The education sector will also face the side effects. People wanting to send their wards abroad would not take such expensive decisions. New forms of teaching and learning will come to the forefront and home will be the new classroom. Sports will also suffer. Sportspersons should practice every day but now they are stuck and not practicing properly. All sports events till December are canceled. Possibilities of Olympics in 2021 looks bleak. Events will not even get sponsorship.

Business and Retail

Given the widespread effect of COVID, business across sectors is looking gloomy impacting economy at large. Shutting down of malls and shops has severely hurt business for all retailers. This could lead to major job losses as companies won’t be able to sustain this for too long. The economic fallout defies calculation. Many countries face a far deeper and more savage economic shock than they have ever previously experienced. In sectors like retail, already under fierce pressure from online competition, the temporary lockdown may prove to be terminal. Many stores will not reopen, their jobs permanently lost. Millions of workers, small-business owners, and their families are facing catastrophe. The longer we sustain the lockdown, the deeper the economic scars, and the slower the recovery.


Banks will suffer the most. The paying capacity of people will go down with trimming off jobs, salaries and unemployment. People will not like to take loans. Bad loans will have to be written off. Due to weak domestic consumption and consumer sentiment, there can be a delay in investment which further adds pressure on the growth. The Reserve Bank of India (RBI) estimated that Non-Performing Assets (NPAs) may increase to 10.2-10.5% by September 2020. With the outbreak of COVID-19, this figure is expected to increase. The phase to recovery will depend on the outcome of the measures that the RBI has initiated and is likely to take place in the following weeks.

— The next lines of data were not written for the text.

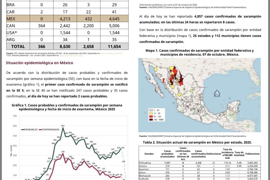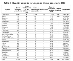 En los últimos 2 días, los pacientes confirmados de sarampión sumaron 40, notificados en Chihuahua, Jalisco, Coahuila, Colima y Querétaro.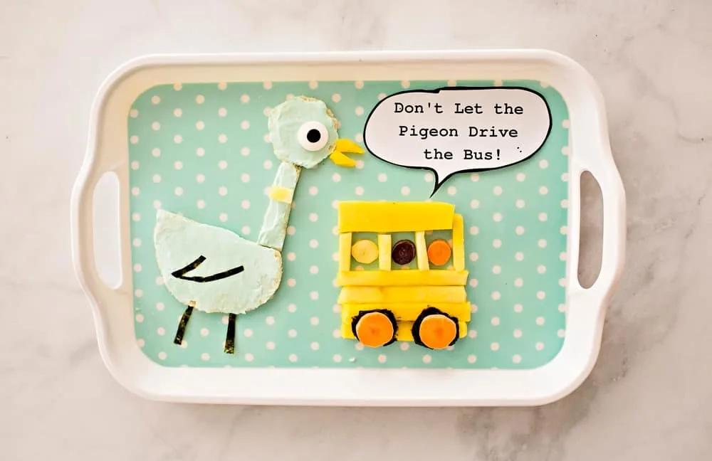 Optional: Grab our free printable Don’t Let the Pigeon Drive the Bus! speech bubble which is a cute way to round out the Pigeon lunch book theme!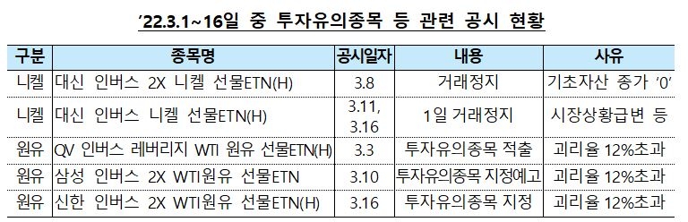 '신한 인버스 2X WTI원유선물 ETN(H)' 등 일부는 투자유의 종목으로 지정됐다.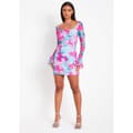 Make a statement, our Long Sleeve Mesh Underlayer Bodycon Dress features long sleeve frill detail in this gorgeous floral print. Perfect for a Summer occasion. -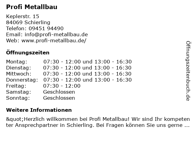 | Öffnungszeiten Profi Metallbau in Schierling anzeigen | |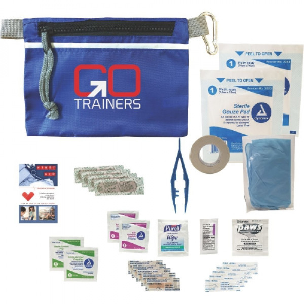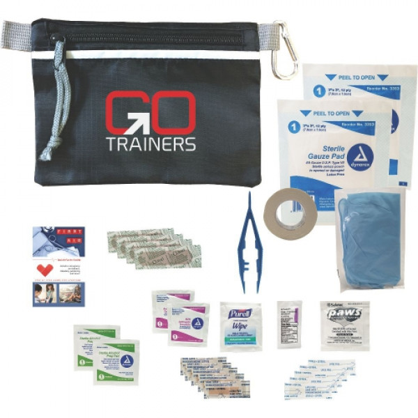 ::Kit includes: 1 First Aid Basics Guide, 1 Antimicrobial Wipe, 1 Tweezer, 1 Triple Antibiotic Ointment 0.5g, 1 Roll Medical Tape, 1 Pair Nitrile Gloves, 2 Gauze Pads 3x3, 4 Bandages, 5 Junior Bandages, 5 Butterfly Bandages, 1 Antibacterial Wipe ::2 Alcohol Pads, 2 Antiseptic Wipes ::Get more people to come to you first when you give out this Grab-N-Go first aid kit!
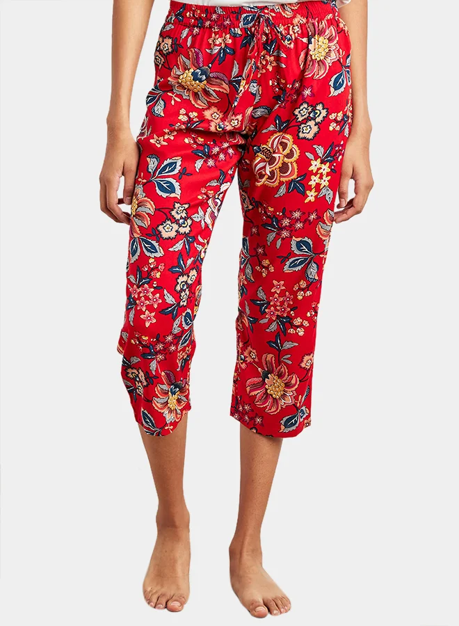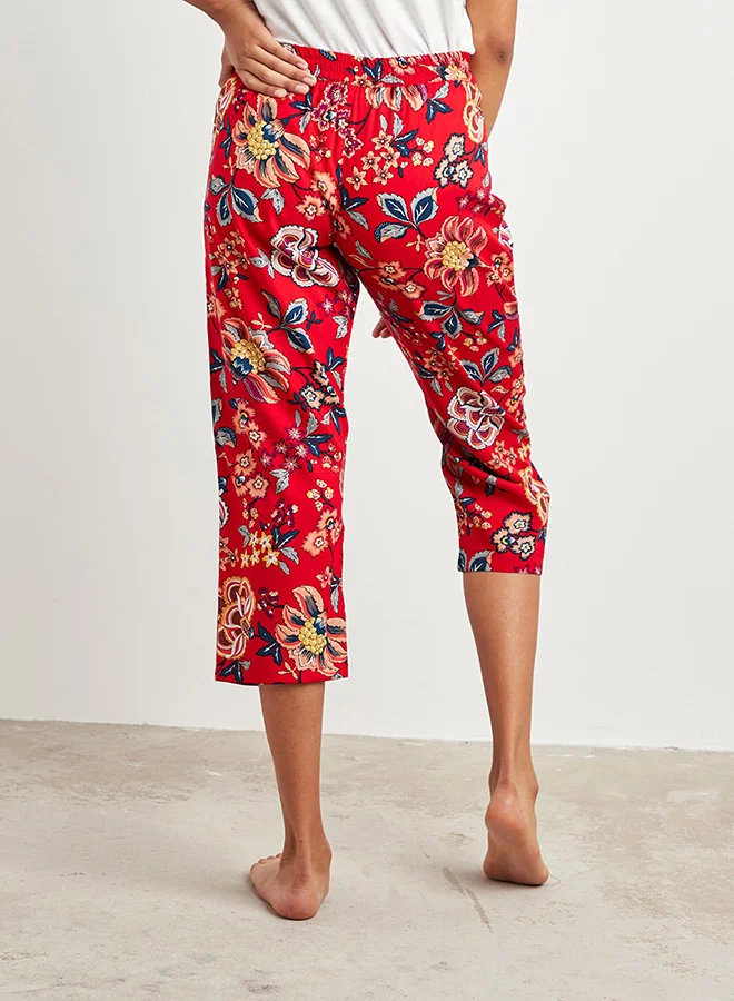 Closet By Styli Floral Print Capri Pants With Elasticated Waistband Red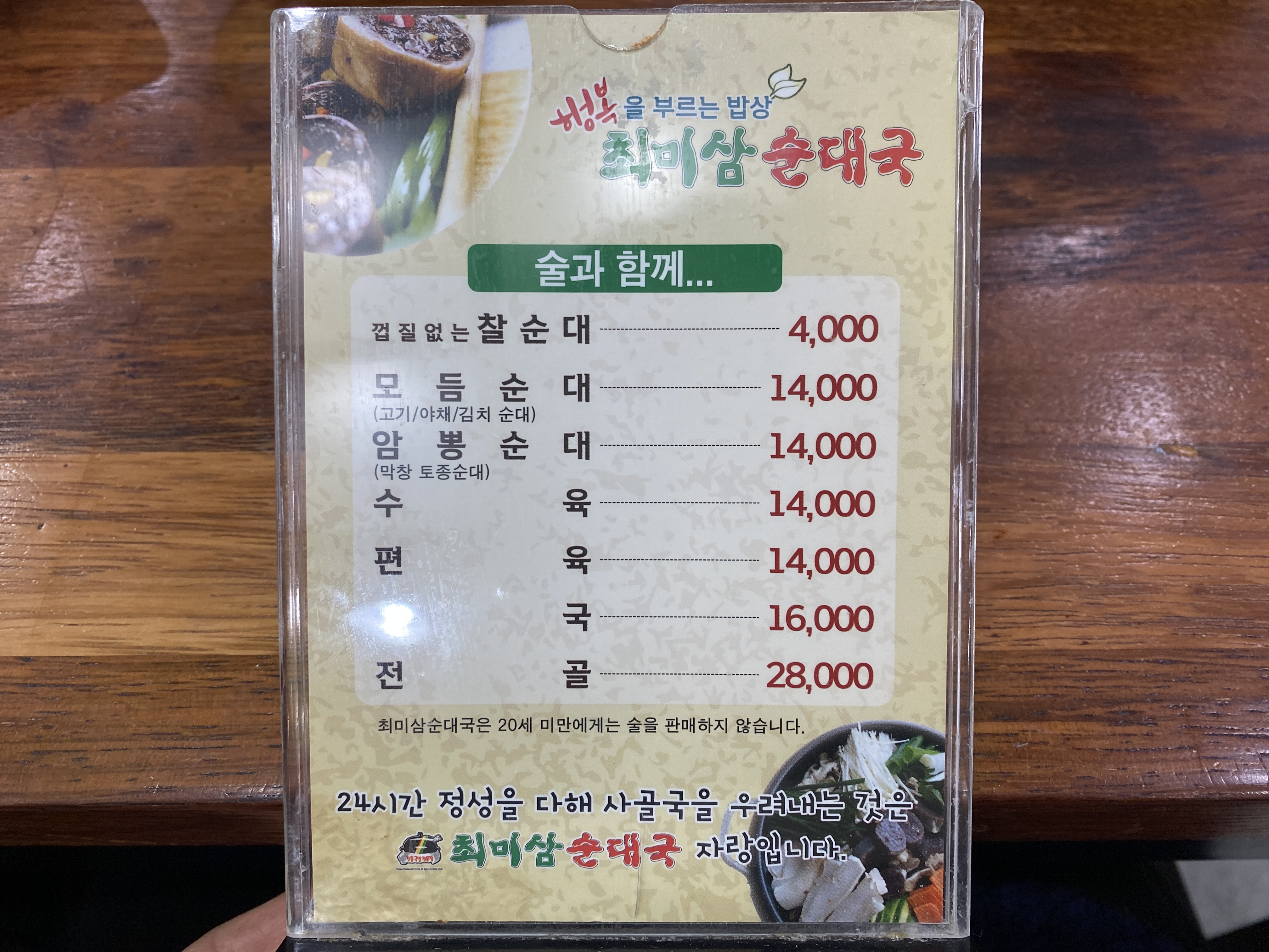 순대국을 주문하면

Automobile and Real Estate

Automobile and real estate will suffer. People would want to save instead of buying a property or car. Demand for cars is likely to be deferred or dropped given low consumer confidence, subdued economic activity, lower disposable income and higher prices. The real estate creates a large number of jobs for the poorest laborers and demand for several sectors like cement, steel, building material and finance. The housing sector will be in dire need of capital and banks have little risk appetite. This sector is the backbone of the economy and financial system as well and without increase in household income, this sector does not seem to bounce back soon.


The biggest concern is the likely continuation of social distancing measures to avoid the risk of any relapses. Revenues from advertisements will be dependent on revival of the aggregate demand in the economy. This industry will have new vistas like Netflix, Amazon Prime and other platforms of home based streaming.

Post corona, India can attract huge foreign capital for big bang divestment, as investors and global multinationals would look for alternatives to China. This can be a sense of positivity to be instilled during tough times. Or may be we can expect a miracle, like Newton who discovered the Law of gravitation while he was social distancing during the plague.